Секретарь покрутил головой.
— Вы больны, пани Кроупова, доктор говорит, вас то и дело видят на медпункте!
— Да, то и дело, — ответила она прямодушно, — потому что мне там нравится. Посижу, с людьми поговорю в зале ожидания, потом с врачом и медсестрой — эта словно ангелочек… Но если мне чего-то не хватает, так я забираюсь к себе и носа не кажу на улицу. А доктора мне вовек не надобны, я ото всех болезней сама избавляюсь.
— Люди также обращают внимание на то, — заметил обессилевший председатель, — что у вас здесь нет условий вымыться по-настоящему.
— Есть условия, почему нет? Захочу — насобираю полные плошки дождевой воды!
— Пани Кроупова, — председатель был уже здорово раздражен, — вы должны понять, жить здесь вам нельзя. Это неприлично. Район такое проживание не разрешает. Мы вам отстроим подходящее жилье. Дадим в подтверждение бумагу с печатью.

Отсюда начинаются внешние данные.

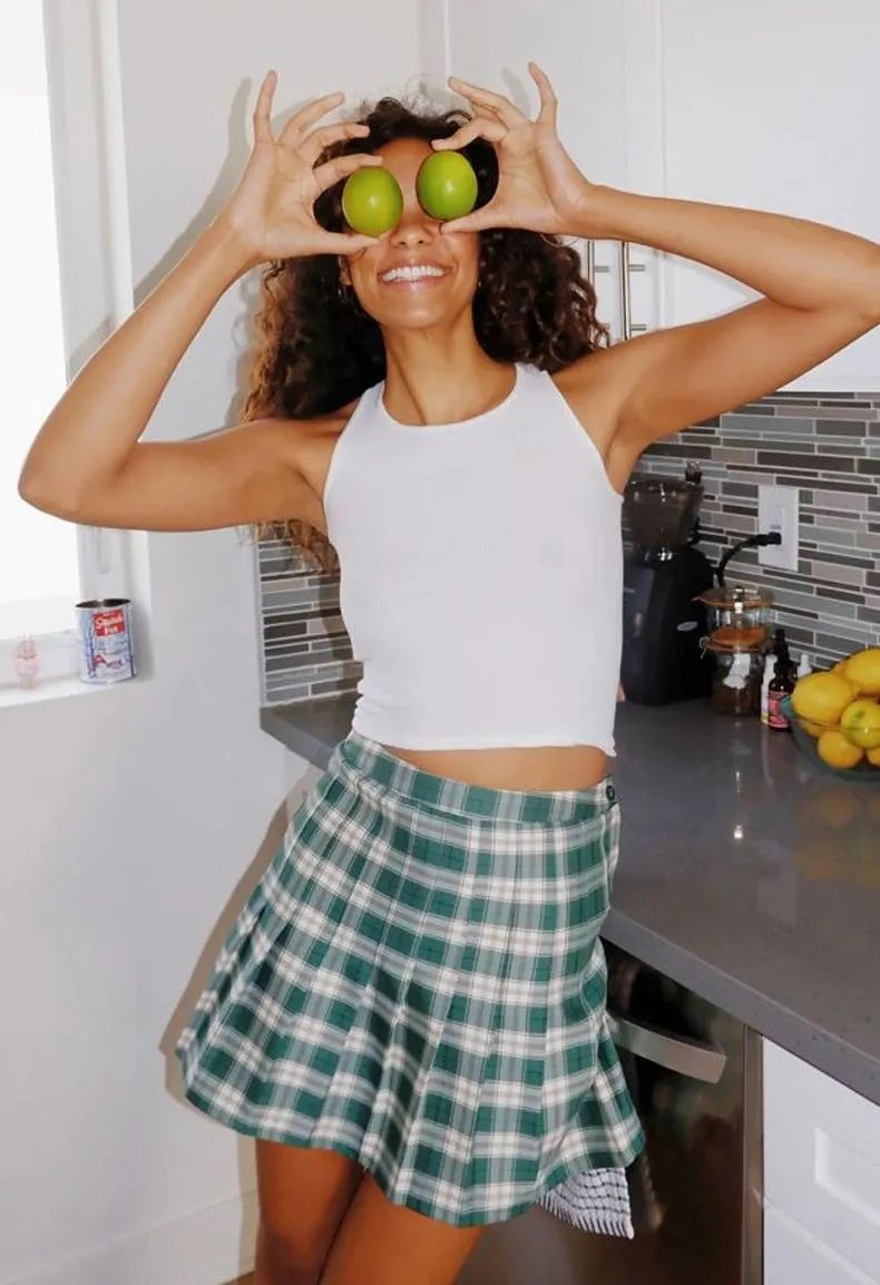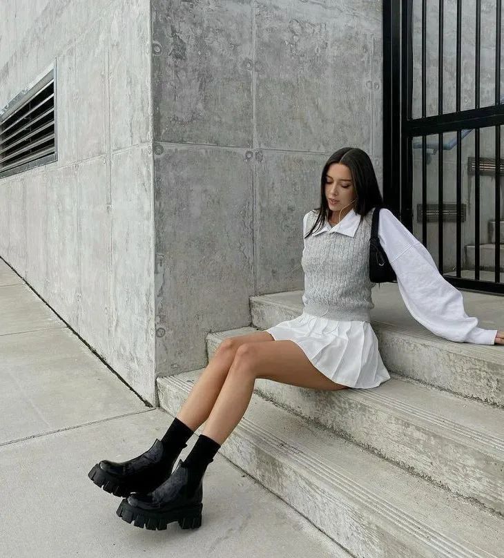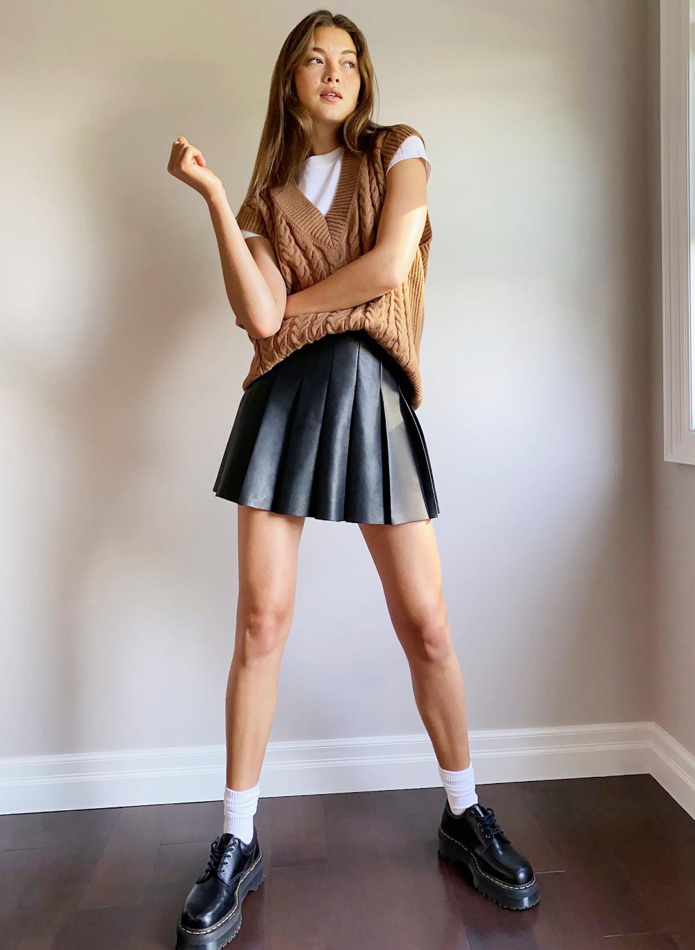 想秀出大长腿的仙女,选一条高腰短裙就可以了,搭配针织马甲,还能营造出学院减龄风~

Но вы должны временно переселиться…
— Никуда я не переселюсь! — отрезала она.
— Церемонимся тут с ней, — прошипел секретарь. Он вспомнил, сколько из-за старухи пришлось проделать работы в совете и на комиссии, с врачом и с деревенскими, а уж писанины-то, не приведи бог! И потом — это уже второй поход к ней.

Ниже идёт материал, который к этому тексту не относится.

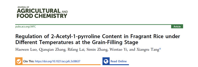 在Journal of Agricultural and Food Chemistry上发表的论文题为“Regulation of 2-acetyl-1-pyrroline content in fragrant rice under different temperatures at the grain-filling stage”,探讨了不同温度对香米2-乙酰-1-吡咯啉(2-AP)生物合成的影响及其调控机制。研究结果显示,低温条件下2-AP、脯氨酸和γ-氨基丁酸的含量显著增加,高温则相反。文章第一作者为罗昊文博士,通讯作者为唐湘如教授。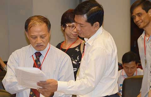 Bộ trưởng Thăng trao đổi với PGS-TS Nguyễn Thiện Tống (bìa trái), người phản biện quyết liệt dự án Long Thành. Ảnh: N.NHÂN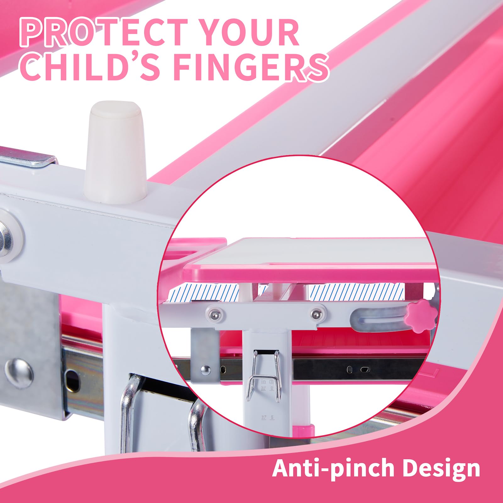 - Student Sturdy Table-Tiltable desktop: The desktop can be tilted in the range of 0~40°,promotes good posture for children and protects their eyesight. Besides, this desk is equipped with anti-pinch stoppers to prevent hands from being pinched when kids rotate the desk.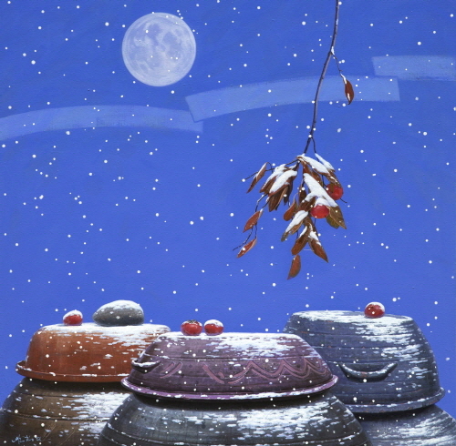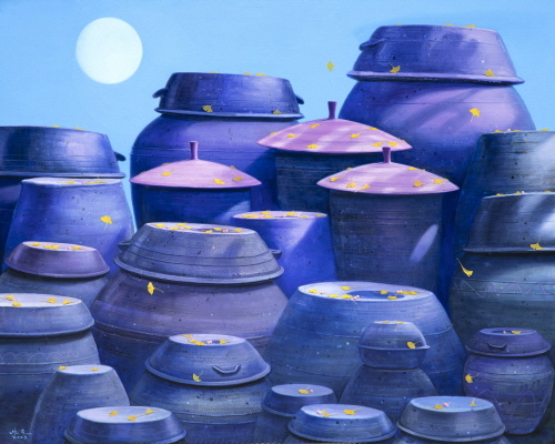 장독이라는 소재가 가지고 있는 민족적이고 전통적이며 토속적인 정서가 화면을 지배하는 가운데 희미한 이미지의 꽃을 등장시킴으로써 어린 시절, 또는 고향에 대한 그리움을 부추긴다. 우리가 잊고 있는 순수하고 아름다운 어린 시절의 꿈과 사랑과 행복의 가치를 되돌아보게 하는 것이다. 장독의 형태미나 조형적인 가치보다도 거기에 연루되는 삶의 정서를 되살려내는 일이야말로 그가 추구하는 회화적인 이상임을 알 수 있다. 더구나 공간, 또는 여백의 확장이라는 점에서 볼 때 전통적인 사실주의와는 엄연히 다른 현대미학의 수용이라고 할 수도 있다. 그러고 보면 그의 작업은 전통과 현대의 접점에 위치한다는 사실을 알 수 있다. 전통적인 습속에서 탈피하여 이 시대가 요구하는 시대감각을 작품에 적극적으로 반영하겠다는 의지의 표명인 것이다. 그의 최근 작업은 확실히 아련한 추억을 되살려내는 힘을 지니고 있다. 그것은 결코 과거 지향적이거나 복고적인 취향이 아니다. 그림이 가지고 있는 설득력이란 다름 아닌 삶의 정서를 보다 풍부하게 가꾸어주는데 있는 것이라면 그의 작업은 이 같은 요구에 순응한다. 시선을 사로잡는 시각적인 이미지와 함께 그 안에 은닉된 내적인 정서 및 의미를 이끌어내는 상징적인 메시지를 중시한다. 그런 의미에서 장독을 소재로 하는 그의 작업은 단순한 소재의 아름다움이나 새로운 조형적인 해석의 차원을 넘어서는 것이다. 형식과 내용을 양립시키면서 그 자신이 추구하는 이상적인 조형세계를 구현하려는 것이다.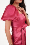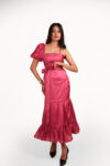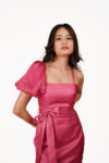 • Design: Striking hot pink one-shoulder silhouette with a detachable ribbon tie that can be styled at the front or back.
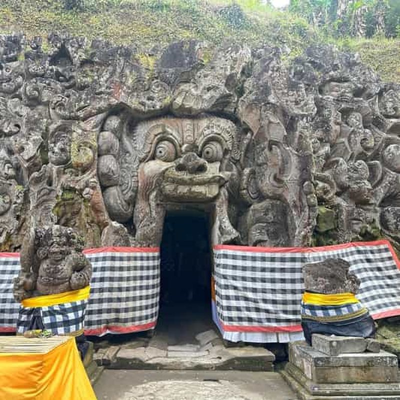 Dès votre arrivée à l’entrée sculptée de la grotte, vous serez frappé par l’iconique façade en forme de démon, gravée dans la pierre volcanique. Datée du XIe siècle, cette porte monumentale était sans doute destinée à repousser symboliquement les esprits maléfiques. Observez la complexité des motifs floraux et animaliers qui ornent la roche, signe du savoir-faire balinais.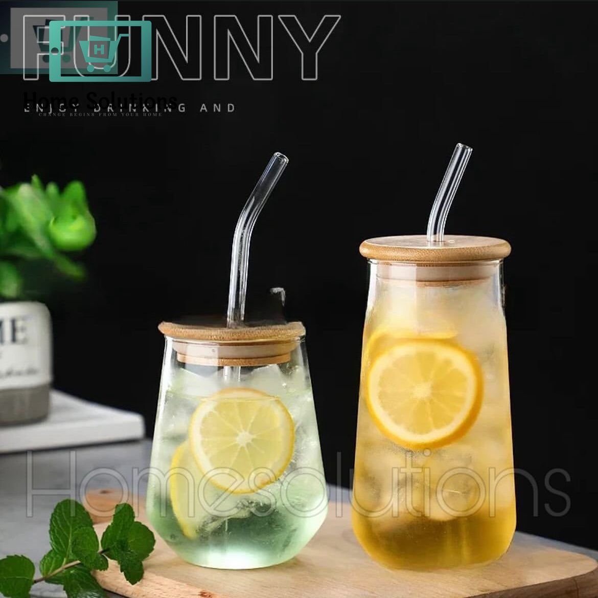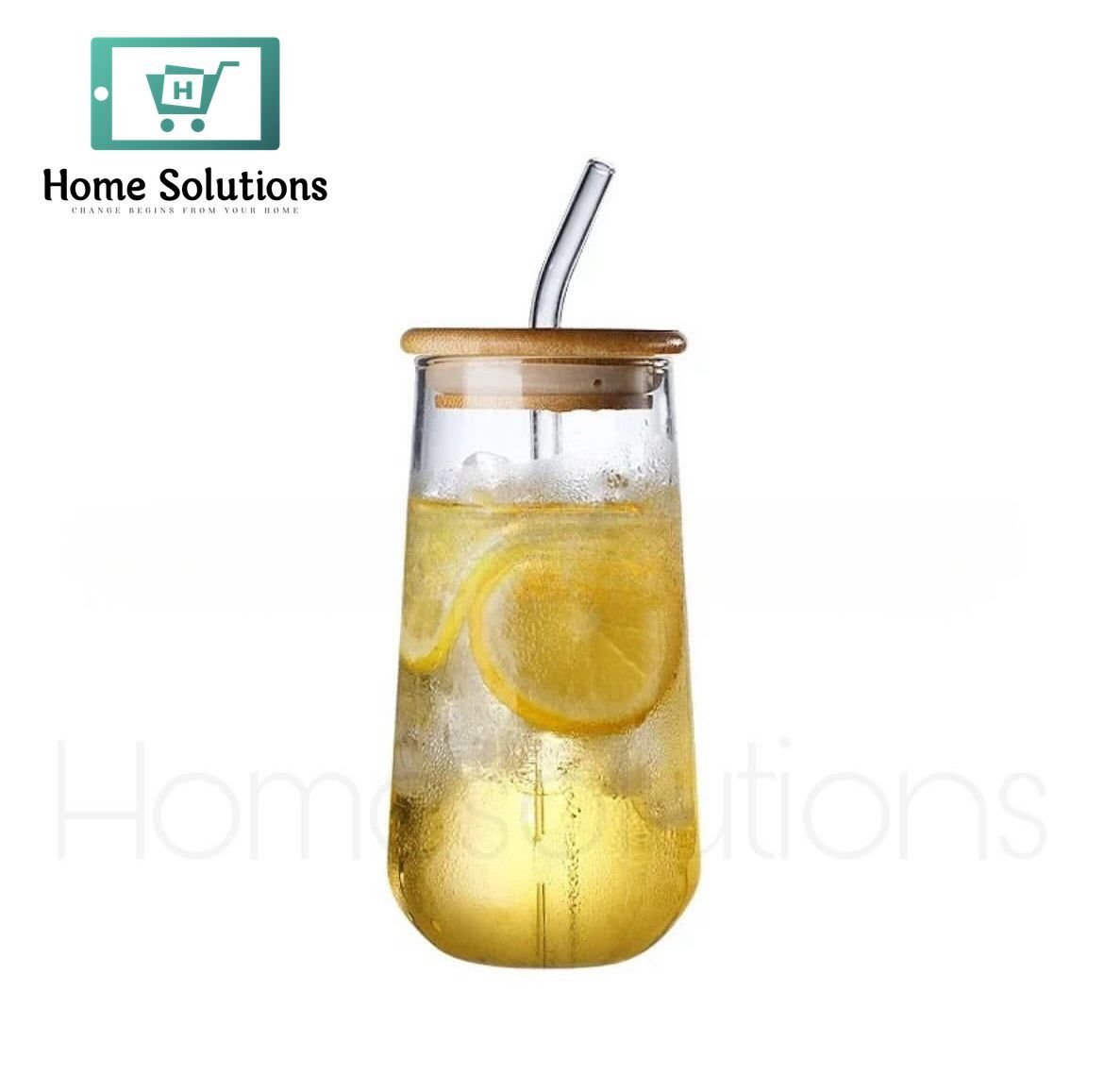 A Stylish And Elegant Ice Tea Glass With Organic Bamboo Lid And Glass Straw 500ml

— И чего мы с вами столько возимся, тетя, — в ярости произнес он, — бог ты мой, да вы только посмотрите на себя! На вас грязь шевелится!

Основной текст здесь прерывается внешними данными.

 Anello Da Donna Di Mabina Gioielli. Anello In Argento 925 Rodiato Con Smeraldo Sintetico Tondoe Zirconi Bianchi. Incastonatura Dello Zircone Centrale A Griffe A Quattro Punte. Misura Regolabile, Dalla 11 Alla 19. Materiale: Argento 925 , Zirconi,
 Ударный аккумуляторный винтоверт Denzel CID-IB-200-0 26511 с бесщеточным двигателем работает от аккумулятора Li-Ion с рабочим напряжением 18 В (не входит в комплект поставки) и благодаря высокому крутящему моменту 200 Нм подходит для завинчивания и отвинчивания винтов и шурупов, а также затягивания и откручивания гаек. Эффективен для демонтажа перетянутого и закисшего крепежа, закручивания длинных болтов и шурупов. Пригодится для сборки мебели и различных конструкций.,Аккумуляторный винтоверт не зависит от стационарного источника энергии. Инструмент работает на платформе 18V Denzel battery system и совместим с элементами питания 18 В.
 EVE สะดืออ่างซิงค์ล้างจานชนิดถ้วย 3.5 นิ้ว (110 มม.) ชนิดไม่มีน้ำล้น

— Вот приказ. — председатель протянул Кроуповой руку с документом.
Повернувшись к ним спиной, она высоко задрала юбку.
Когда же опустила ее, мужчин и след простыл. Она осталась одна со своими…
Собаки поняли, что она в них нуждается. Псы подходили к ней, один за другим, и Терина каждого брала на руки, гладила, пес спрыгивал на землю и освобождал место следующему. Прошло немало времени, пока она со всеми посовещалась. И теперь была абсолютно спокойна. Пройдя сквозь заросли, она позвала:
— Начальник!
Мужчины обернулись.
— А господь меня возьмет, — услышали они, — возьмет, и голову мне вычешут ангелы.
Она вышла на порог — теперь ее звали собаки.
В бузине стоял дрожащий ребенок.
— Тихо, — прикрикнула она на собак, — вы что, не видите, ведь это ребенок!
— Не бойся, они тебя не тронут… вот этот рыжий — очень хороший. Подойди, погладь его! Адольфик, поди сюда!
Адольфик подполз к ребенку. Оба дрожали.
— Как тебя звать-то?
— Руженка, — с трудом выговорила девочка.
— Руженка, — нараспев повторила Терина. — Руженка… я тебе что-то дам, Руженка.
Вскоре она вернулась, спрятав руки за спину. Девчушка таращилась на плетеную корзину с большой ручкой. Прутики посерели от времени.
— Сюда насобираешь цветов, Руженка, — Терина сорвала горсть ромашек и растопырила узловатые пальцы, — так… а еще бузину, понюхай… ха-ха, у тебя желтый нос! Вот бы еще сюда пион или розу, сорви себе внизу. В деревне — там розы свисают с забора, а что висит через забор, то каждый может взять. А как наберешь полную корзинку, станешь цветочки разбрасывать вокруг себя да приговаривать: «Руженка, королева всех цветов!».
— Руженка! — раздался резкий голос. — Ты где спряталась?
— Да вы не беспокойтесь, — сказала Терина, — это ваша дочка?
— Моя, — ответила женщина безрадостно. — Да вы что, не узнаете меня, тетя, я жена Слабого… Он работает на водоотводе.
— И мне казалось, вроде я должна тебя знать, — улыбнулась Терина, — давно не видела. Большая! — показала она пальцем на девочку.
— Что толку, большая-то большая, а ума маловато.
Терина отрицательно покрутила головой.
— Ни на минуту нельзя оставить одну.
— А вы не пробовали свести ее к доктору? — спросила Терина.
— Водили, теперь всю жизнь к нему будем ходить…
Терина опустила в корзину еще одну горсть ромашек. Озабоченно взглянула на небо.
— Беги с мамой домой, Руженка. Глянь, какие тучи. Гроза начнется.
Девочка поставила корзинку на землю.
— Возьми ее себе, Руженка, — улыбнулась Терина, — нарвешь в нее цветов, я тебе дарю ее насовсем…
Небо перестало поливать землю водой, и в воздухе посвежело.
Терина возвращалась домой и заранее радовалась тому, как ее встретят собаки. Отличное мясо дала ей продавщица, отличное…
На кустах шиповника сверкали дождевые капли.
— Ну и красота! — ахнула Терина.
Дорога была хорошая, а на холме трава так разбухла от воды, что очень скоро у старухи зачавкало в башмаках.